Because of the nature of the column I write for "The Daily Bruin" (unofficially called "Exploring L.A.," offically called nothing), I tend to read NFT (Not For Tourists) and Losanjealous pretty regularly and discovered in NFT a coffee shop in East Santa Monica that makes coffee from a siphon.

What's a siphon? It's this: a tube running from the liquid in a vessel to a lower level outside the vessel so that atmospheric pressure forces the liquid through the tube (definition from wordnet.princeton.edu/perl/webwn). Yes, coffee comes out of those liquid pressure tube things. Neat, huh?

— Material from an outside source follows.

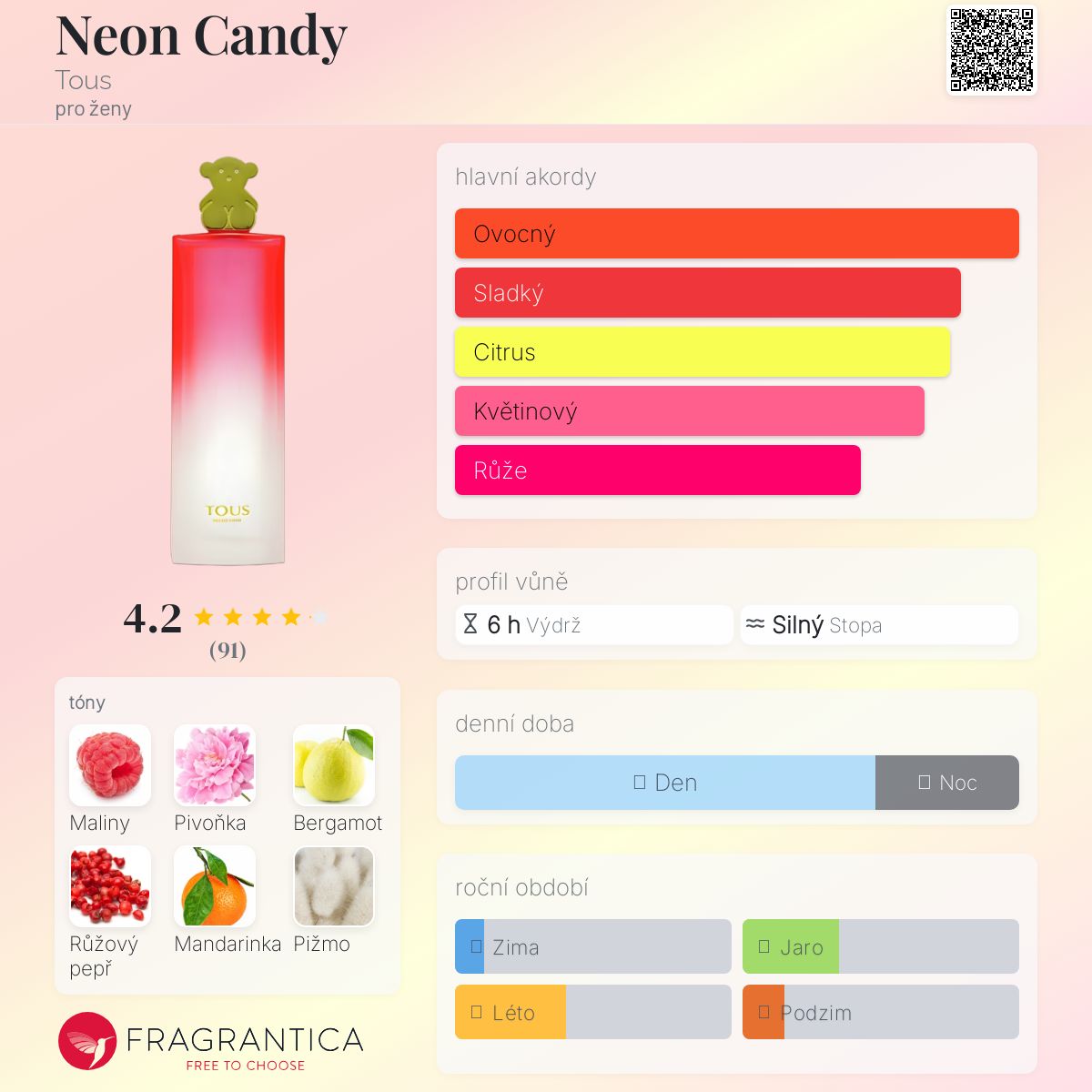 Neon Candy podle Tous je Floral Woody Musk vůně pro ženy. Neon Candy byl/a uveden/a v roce 2015. "Nosem" za touto vůní je Nathalie Lorson. Vrchní tóny jsou Bergamot, Růžový pepř a Mandarinka; střední tóny jsouMaliny, Pivoňka a Jasmín ; základní tóny jsou Pižmo, Cedr a Jantar (ambra).

Hence, I undertook a question to find this siphon coffee place after class, toting a heavy backpack and directions scrawled on to a tiny notepad. Let me say that I have a terrible, terrible sense of direction, so I wrote down very specific instructions (including, "if you hit this street, you've gone the wrong way. If you hit THIS street, you're going the right way! Hooray!").

Walking off the bus past Wilshire Boulevard, I walked through a neighborhood of palm-tree lined streets and low-rise pastel-colored apartments with small balconies and little, square garages right near the street. It was the sort of charming West L.A. neighborhood that helps you realize that in spite of all of L.A.'s general lack of charming, refreshing pockets of humanity and character exist. It really elevates one's spirits to know that there are people living in peaceful alcoves of a city that inherently cannot be described as "peaceful."

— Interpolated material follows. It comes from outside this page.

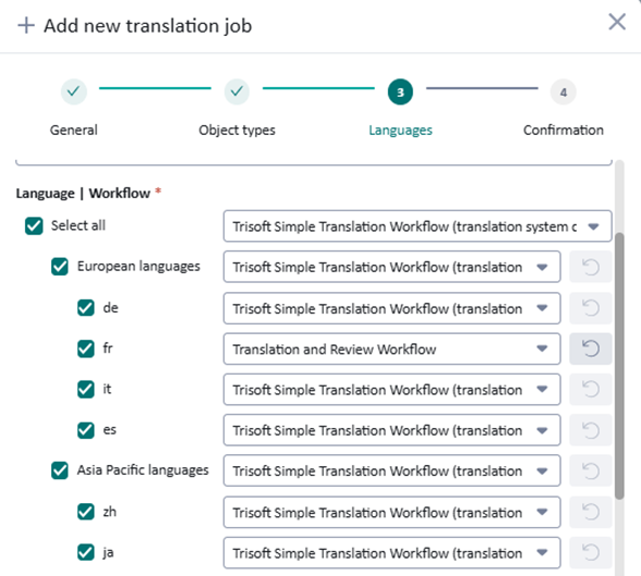 Customers were asking for the possibility of configuring language groups. New functionality was added to simplify configuration for a new Translation Job by allowing the selection of translation workflow per language group (European languages, Asia Pacific, etc) that also minimizes misconfiguration.

Cafe Balcony is part of a strip mall and the sign outside merely reads "CAFE" in giant block lettering. It could just have easily read "BAIL BONDS" or "LIQUOR" as it was an inconspicuous strip mall shop facing loud, urban Santa Monica Boulevard. Yet upon stepping inside, the place engendered all of the warmth, character, and soul that the outside lacked. I was the first one in the shop (as I had arrived there on bus an hour before it opened, so I just read outside for an hour. Woops.) and I ordered an iced Americano and sat for two hours, doing homework, reading, and writing. The cafe's red walls, mismatched wooden chairs, and wacky music selection (ranging from electro-pop to alternative folk rock to smooth jazz to - get this - opera) felt like a cozy place to settle in for the day.

With each breath I took, the smell of coffee warmed me all the way through my body. Sitting there is what I imagine going to a cafe in Paris would be like (as cliche as that sounds): no one rushes you, everyone is reading their own great books and simply enjoying time to reflect, focus, and rejuvenate. I appreciate coffee shops that don't rush you out, that don't tell you when to leave, and don't encourage you to act "artsy" if you don't want to. There are a lot of pretentions around sitting in a coffee shop and "being an artist," but when it comes down to it, when you have a place like Cafe Balcony that is simply pleasant and encourages time to just sit and reflect and be, that's enough for me to not worry about what anyone else may think of me. That must ultimately be the most freeing experience and I appreciate it after a week of feeling like I had to live up to academic/social expectations.

As far as my other past few days go, I'm simply going to state what I appreciated: Wednesday I appreciated my USIE classmates (that is, other students teaching undergraduate seminars at UCLA in the spring like me) and Thursday I appreciated dancing with my co-workers to Depeche Mode (what a freeing experience that was, too!).

What a peaceful, lovely day thus far.